退婚后,我被疯批债主强制复仇 麻了但又没完全麻 2025-07-27 08:12
陆景岄进了里间,手中仍拿着那张海棠红的帖子,目光一挑,语气里带着几分不悦,扫向阿沣:“你这买卖竟敢做到他头上去了?”
阿沣连连摆手,态度诚恳,仿佛生怕他不信:“哪敢哪敢,大哥的话我一直谨记在心,哪敢越雷池半步。”我在旁边听得一头雾水,好奇心瞬间膨胀,插嘴问道:“你到底干了什么天怒人怨的事,让他发作啊?”
可陆景岄显然没打算回答我,只当我空气,继续吩咐阿沣:“帖子都来了,就依着办吧。”
有意思了。陆景岄出门这几日,门前倒是清静异常,可他前脚刚回,帖子便纷至沓来,就连我都不知他何时归了云城,赵明侑却早早得了消息。想来我终究是躲不过那位了,不过说来也是,横竖这桩旧事不是我挑起的,没什么好心虚的。
三年未见,也算是一场故人重逢,只是物是人非,再无从前的模样。
夜幕低垂,我坐在院中的秋千上,静静发呆。月色如银,清辉洒满庭院,没有美酒佐月,只有一壶冷茶静置在石桌上。这里可不同于陆景岄那个清寂的庄子,阿沣是个闲不住的主儿,一心只恋红颜,每回拿着锄头下地,多半不是为了种菜,而是想挖出什么胭脂水粉或者女红绣鞋。
这种近乎恶趣味的爱好,我自是不赞成。多次规劝他要洁身自好,色字当头总是祸患。他却理直气壮回我:“你整天跟我哥在一处,也没见他变得怎样。”我听他借机夸我是美人儿,心里是偷着乐的,但再细细一琢磨,总觉哪儿不对,可偏偏又找不出破绽来,也只好随他去了。
秋千悠悠晃着,仿佛又回到从前,耳边仿佛响起入画的笑语盈盈,她那时常陪着我在庭中玩耍,轻推着秋千,清亮的笑声随风飘散,如今却只余回忆。
她的模样仿佛还清晰可见:那双眉眼含笑如水,言谈举止温婉如玉。她年纪比我大两岁,记得我十三那年闹灾荒,许多流民涌入云城,尽管官府设了赈济,仍是饿死了不少。她那时昏倒在我家门外,被我无意撞见,我见她奄奄一息,急忙叫人将她带回府里医治。
后来她苏醒,执意要留下来为我效力,说是无处可归,要以此报恩。我见她心诚,便央求爹爹将她留在府中,自此她便成了我身边最亲近的贴身侍女。
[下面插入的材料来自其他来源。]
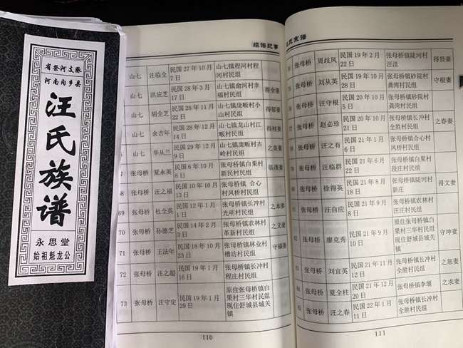 一番寒暄之后,汪丙華老師給張編輯查看了打印店所編印的一版汪氏宗譜樣書(shū)。下面是一些細(xì)節(jié)照。

入画心地极好,把最好的年华都给了朱府,为我事事操心照料,处处维护我。我们一同生活那么久,朝夕相处,她对我的情意,早已胜过许多血缘亲人。
彼时我脑海浮现出那年噩梦重临的一幕——爹爹受诬陷之辱,怒不可遏,当众以头触柱,血溅御阶;娘亲悲愤自刎,朱府顿时人心惶惶,哭喊连天。下人如鸟兽散,许多夜里便拖家带口匆匆逃离,生怕日后被问罪牵连。
张启带兵封府,朱宅成了笼中困兽。他从自家府中调来人手看守,诸人神色冷峻,唯独一个唤作欢颜的小丫鬟,与众不同。她模样寻常,却性情温婉,不似旁人那般盛气凌人。即使我们当时怒火盈胸,视所有人如仇寇,她仍温言以待,细心照顾我与哥哥的冷暖。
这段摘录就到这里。